WHAT IS REQUIRED: Reproduce all the lines below exactly and omit the images.

DATA BELOW:
* * * * * * *

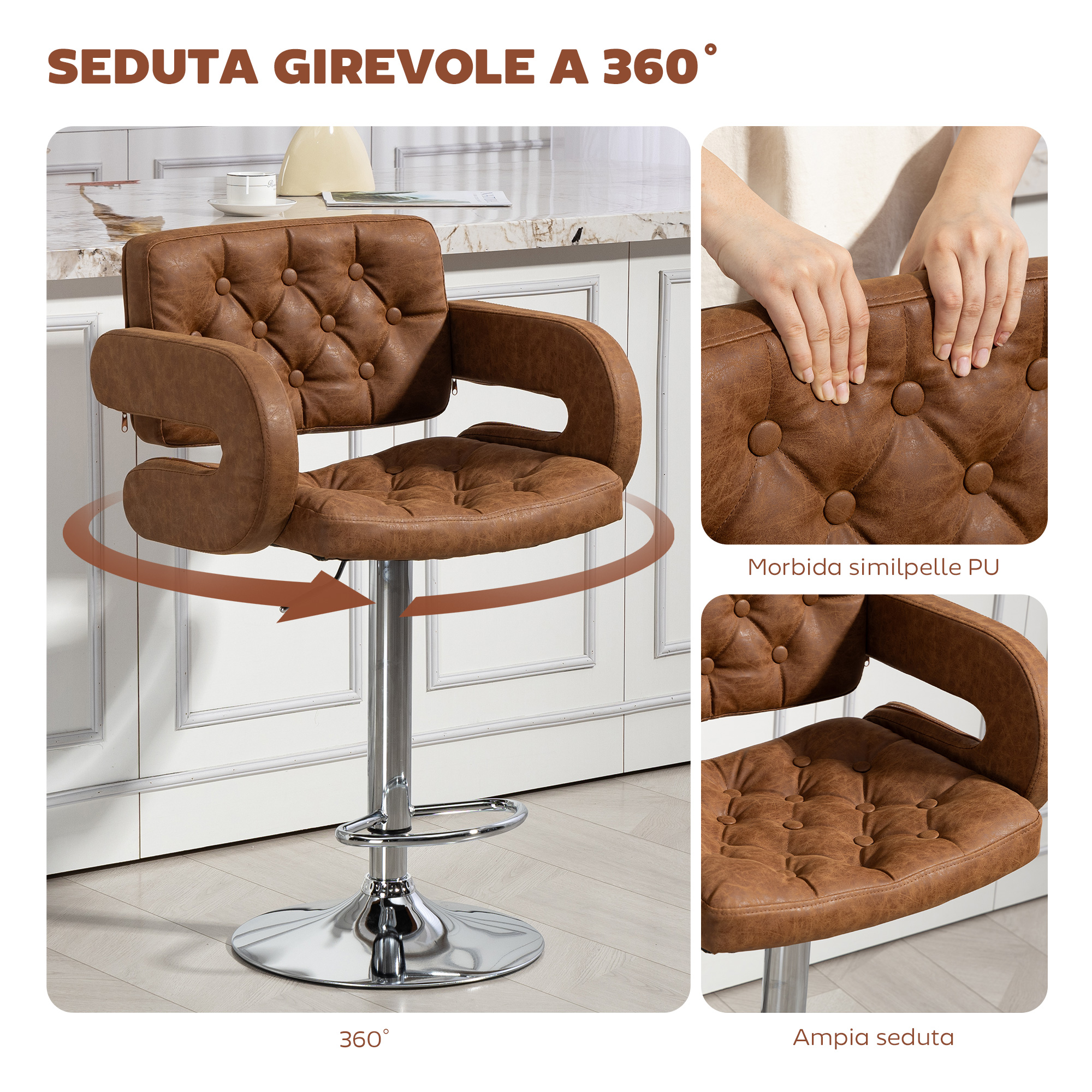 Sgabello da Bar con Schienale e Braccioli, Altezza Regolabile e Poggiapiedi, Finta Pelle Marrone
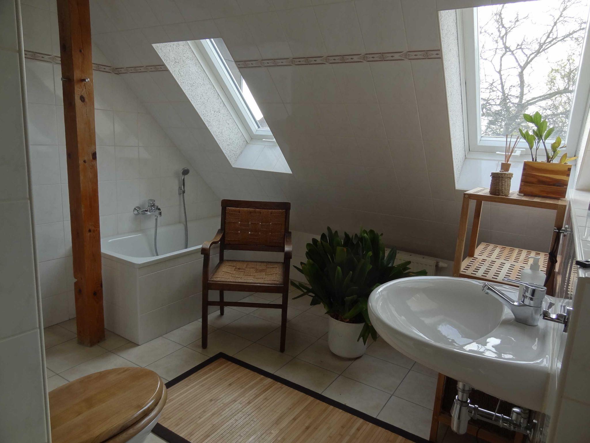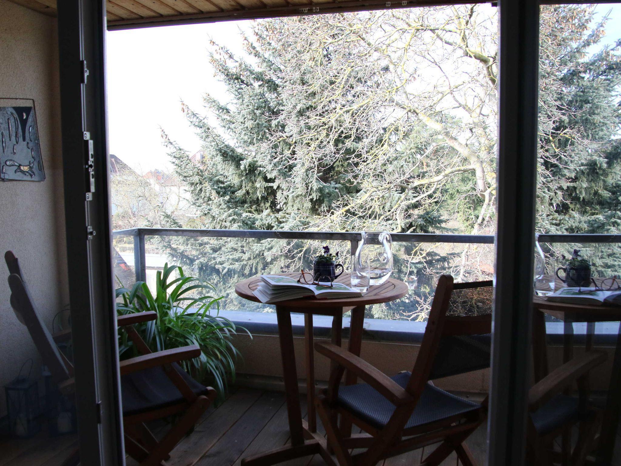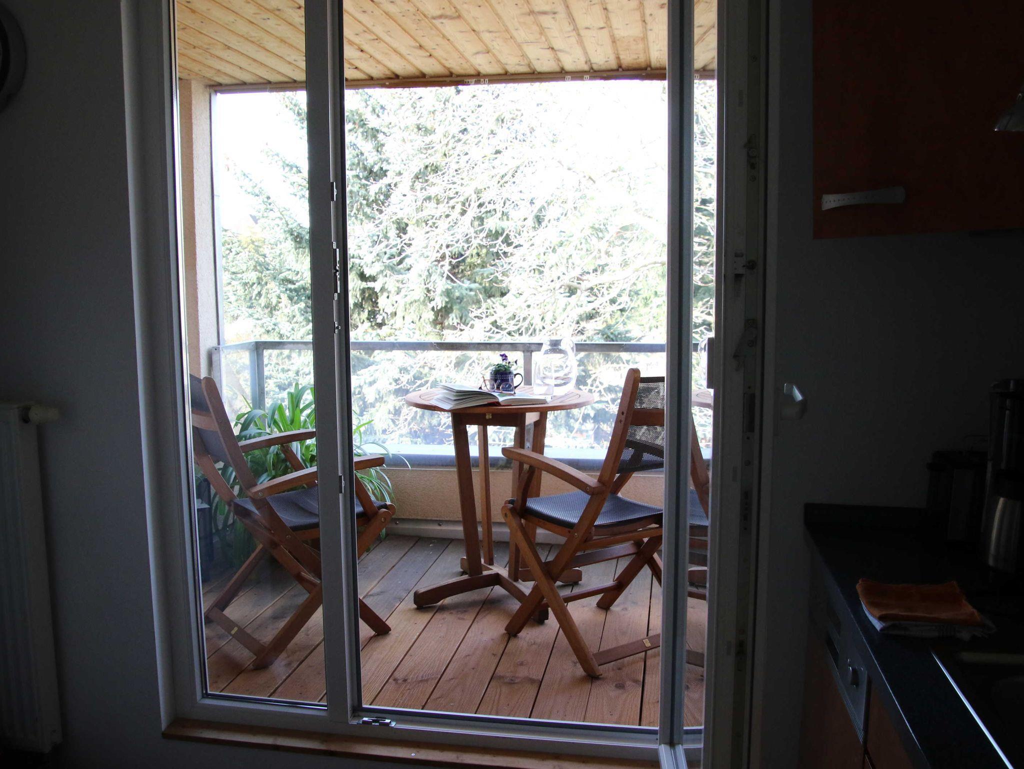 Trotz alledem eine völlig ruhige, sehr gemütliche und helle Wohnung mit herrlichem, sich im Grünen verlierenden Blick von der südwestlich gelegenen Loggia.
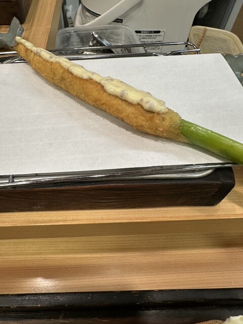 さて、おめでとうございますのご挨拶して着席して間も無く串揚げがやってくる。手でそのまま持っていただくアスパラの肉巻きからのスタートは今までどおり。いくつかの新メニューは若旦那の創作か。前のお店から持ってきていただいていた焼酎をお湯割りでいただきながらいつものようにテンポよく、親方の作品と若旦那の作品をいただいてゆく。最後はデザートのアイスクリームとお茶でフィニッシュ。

* * * * * * *

RESULT FOR THIS TASK:
 Sgabello da Bar con Schienale e Braccioli, Altezza Regolabile e Poggiapiedi, Finta Pelle Marrone
 Trotz alledem eine völlig ruhige, sehr gemütliche und helle Wohnung mit herrlichem, sich im Grünen verlierenden Blick von der südwestlich gelegenen Loggia.
 さて、おめでとうございますのご挨拶して着席して間も無く串揚げがやってくる。手でそのまま持っていただくアスパラの肉巻きからのスタートは今までどおり。いくつかの新メニューは若旦那の創作か。前のお店から持ってきていただいていた焼酎をお湯割りでいただきながらいつものようにテンポよく、親方の作品と若旦那の作品をいただいてゆく。最後はデザートのアイスクリームとお茶でフィニッシュ。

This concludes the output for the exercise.